The comment, delivered in Lilia's typical understated manner, somehow broke whatever spell had held Zenith motionless. The world seemed to tilt beneath her, the staircase stretching impossibly long before her eyes. The churning in her chest intensified, shame, confusion, helplessness—each one crashing over her, pulling her under until she could do nothing but turn away and climb back up the stairs in silence.
She took one step back, then another. A part of her was screaming to go to him, to race down those stairs and gather her son in her arms. Yet her body betrayed her, moving away instead of forward.

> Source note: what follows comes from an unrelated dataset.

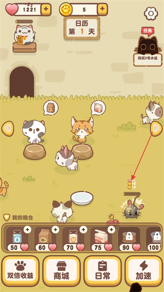 点击右下角的加速按钮,能提升猫咪们的进食速度,让爱心获取得更快。

"Lady Zenith?" Lilia's voice seemed to come from far away, but it couldn't quite disguise the confusion nor the slightest bit of judgement in the maid's tone.
Alice turned toward her. "Zenith—"
But she was already retreating, her fingers trailing along the wall for support. Memories over the years crashed into her with the force of a tidal wave, the story of her life in its entirety flashing through her mind in an instant, the weight of it all driving Zenith back towards her bedroom.
Why wasn't she happy?
Wasn't this what she had wanted?
She had done it. Finally, a crack in his carefully maintained facade, a singular teardrop escaping from the mask of stoicism and perfection. Even at birth, he had defied expectations—his first sound not a baby's cry but a name—someone else's name, not hers or Paul's.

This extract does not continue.